Science and technology are integral to how we buy, prepare, store and eat food, yet this often only becomes clear at times of controversy rather than as in ongoing day-to-day activities. The Food Standards Agency’s Chief Scientist, Andrew Wadge runs a semi-regular blog ‘Hungry for Science’ in which he discusses some of the science involved in the work of the FSA. It’s a valuable if somewhat dry effort that doesn’t seem to attract the attention it deserves, and in which he seems to take the time to respond to comments in a considered fashion. Earlier this month, the blog featured a ‘guest post’ from the FSA’s head of communications Terrence Collis on “the pitfalls of communicating science to the general public”, titled “We say potato, you say Solanum tuberosum”:
“We pride ourselves on being a science-based organisation and on putting the consumer first, so the big question we deal with on a daily basis is: how do you maintain scientific accuracy while making the science easy for people to understand?
Effective communication is about thinking how messages are received rather than how they are sent out. And that isn’t just about avoiding words that people need a specialist dictionary to translate, it’s also about communicating in a way that will engage and interest people – what’s the point in us talking about ‘levels of a genotoxic carcinogen above the TDI’ if people are just going to pick up their Daily Tabloid and read about how we are all going to die? Why can’t we talk about unsafe levels of a harmful chemical instead? It might not have all the detail, but it tells people most of what they need to know.
Yes, I know some think that simplifying the language we use is dumbing down our advice, but our challenge is communicating with everyone in the UK, and doing so against the daily barrage of (often tabloidese) information. To be heard and heeded, too, our advice needs to be succinct and easy to understand but also accurate.
So, over to you, how do we get the balance right?”
It’s not entirely clear who the ‘we’ and ‘you’ referred to in the title are, but Collis uses the post to reflect on the communication of food science to the public. He raises some interesting questions in relation to the public understanding of food science and about the role of the media in the creation and maintenance of food related anxieties. He closes by asking how the FSA can get the balance right, so it’s only fair to provide some thoughts.
The role and responsibilities of the media in the communication of science have been the subjects of decades of debate and discussion. Scientists consistently (and frequently justifiably) complain of being misrepresented or dumbed down (recently led by Ben Goldacre), while journalists retort that scientists misunderstand the purpose of reporting. Collis’s questions wade into some thorny issues beyond the scope of a brief (although rapidly expanding) blog post . A significant recent interventions has been the publication by BIS (the Department for Business, Innovation and Skills) of its “Science and the Media: Securing the Future” report.

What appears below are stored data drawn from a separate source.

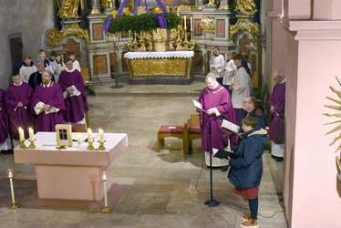 Als Vertreter der Kirchenverwaltungen fragte Thomas Späth, Kirchenpfleger in Fladungen, die beiden Teampfarrer nach ihrer Bereitschaft, ihre Mitarbeiterinnen und Mitarbeiter mit ihren Fähigkeiten und Charismen zu unterstützen, zu fördern und geschwisterlich zusammenzuwirken. Als Vertreterin der Gemeinsamen Pfarrgemeinderäte erfragte Renée Liening-Ewert, Mitglied im Gemeinsamen Pfarrgemeinderat der Pfarreiengemeinschaft Franziska Streitel Mellrichstadt, die Bereitschaft, die Dienste und Charismen der Gremien zu stärken, in den Gemeinden vielfältiges Leben zu ermöglichen und die Zusammenarbeit auf der Ebene des Pastoralen Raumes zu fördern. Auf beide Fragen antworteten die Teampfarrer mit einem kräftigen „Ich bin bereit“.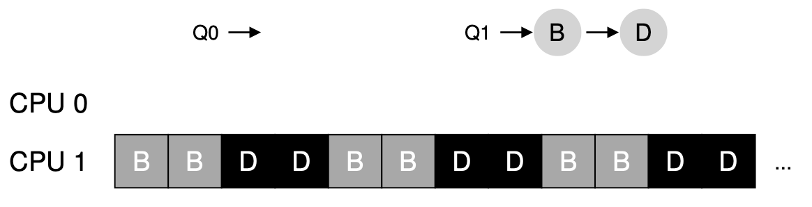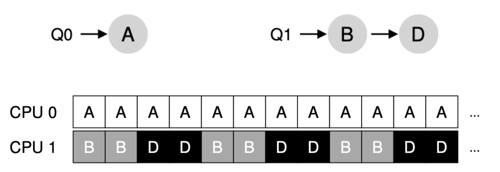 이젠 라인 잘 탄 A마저 완료되어 Q0에는 작업이 더 이상 없습니다. CPU0가 놀고 있네요. 이제는 B, D 프로세스가 화를 내는 것이 아닌 사용자도 화를 냅니다. 아니 왜 저 CPU는 쉬는거지?라면서요. 이러한 문제를 load imbalance(부하 불균형)이라고 합니다. 어떻게 하면 이런 문제를 해결할 수 있을까요?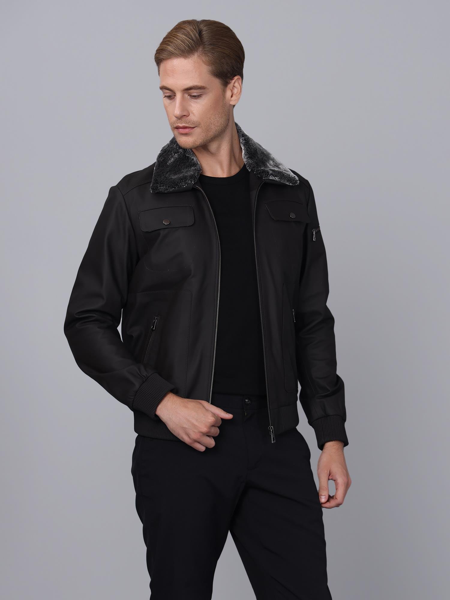Orta boy tasarımı ile her mevsim rahatlıkla kullanılabilen erkek deri ceket, şık ve zamansız bir tarz sunar.;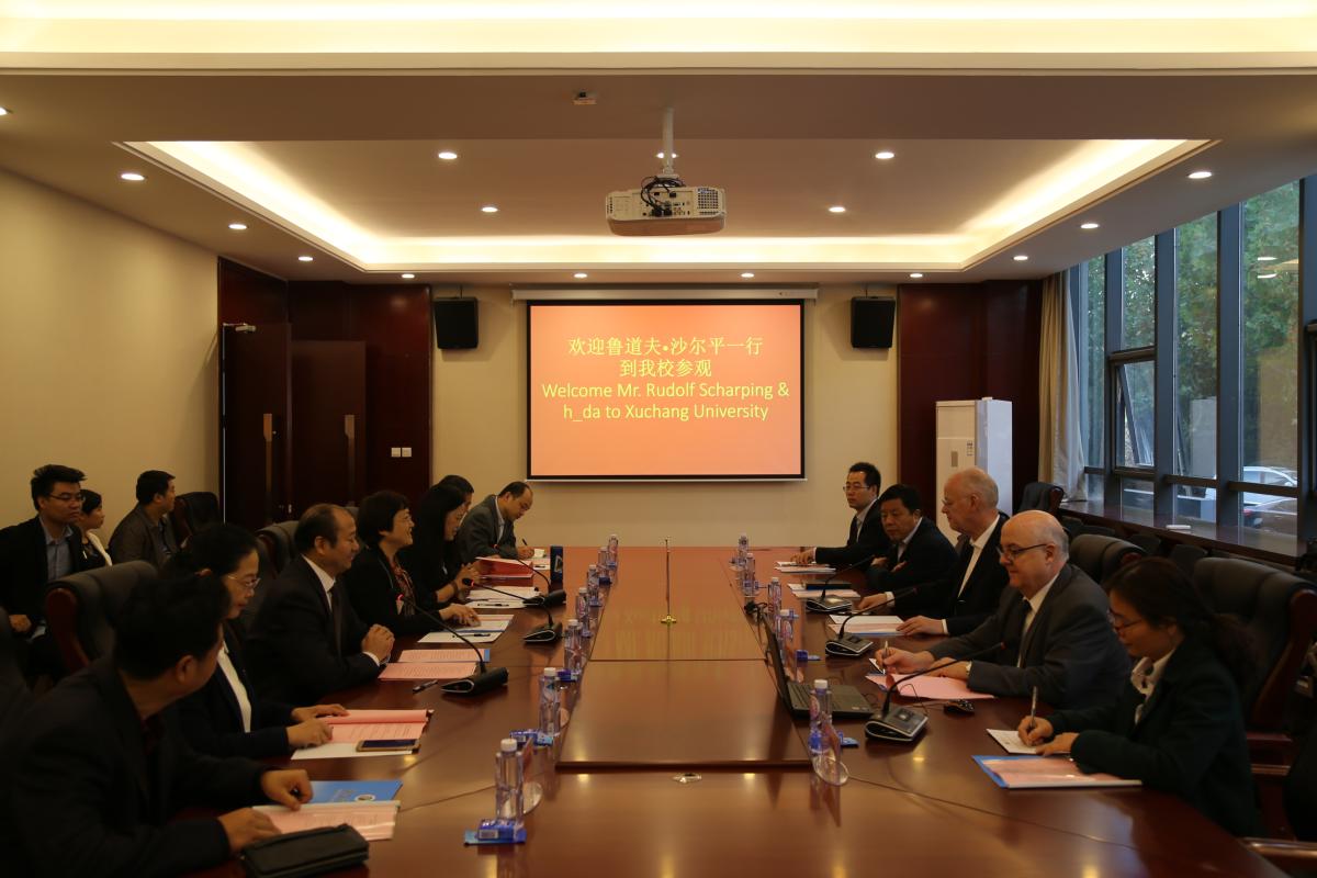11月3日,德国国防部前部长、社会民主党前主席、鲁道夫沙尔平战略咨询交流有限公司董事长鲁道夫·沙尔平,带领德国达姆施塔特应用技术大学校长斯滕格勒一行来永利官网考察访问。党委书记闫纪建、院长赵继红会见了德国客人,双方进行了会谈交流。许昌市政协副主席、商务局长张巍巍等陪同访问,副院长崔斌参加会谈,党政办公室、国际交流与合作处、国际教育学院有关负责人参加会谈。

In starting to find a way forward, it’s probably worth thinking about the role of the FSA and why it might want to communicate science in the first place. The confusion here arises in the first sentence. Is the FSA primarily a scientific, a consumer protection or a science communication body? Can it successfully be all three or are they actually one and the same? For Collis it would appear that there are significant differences between these roles. The first, that of a ‘science-based organisation’ involves dealing with long words such as S. tuberosum rather than potatoes and carcinogens rather than run of the mill chemicals. The second, consumer facing role, involves tearing people away from their tabloids long enough to pass on important and reasonable information. The third means bridging these two worlds, but the initial framing of the question suggests its intractability – how can you maintain accuracy if you lose the technical jargon?
Collis seems to be suggesting that the best route for communicating food science is that the FSA ‘dumbs down’ its information in-house, rather than waiting for it to be distorted by tabloid journalists. To some extent, this is already common practice in the form of press releases, which in turn can lead to an uncritical homogeneity in the reporting of science as time-pressed journalists simply recycle the data and quotes pressed upon them (as Jane Gregory points out at STS Observatory). Rather than improving the quality of scientific communication, this risks reducing the journalist and their knowledge of their target readership to a conduit from press offices, who are not themselves immune to the application of spin, to front page. Whereas Collis focusses on where ‘dumbing down’ occurs, a key recommendation of the BIS report was for training for journalists, press officers and scientists themselves, something that the FSA itself might well undertake.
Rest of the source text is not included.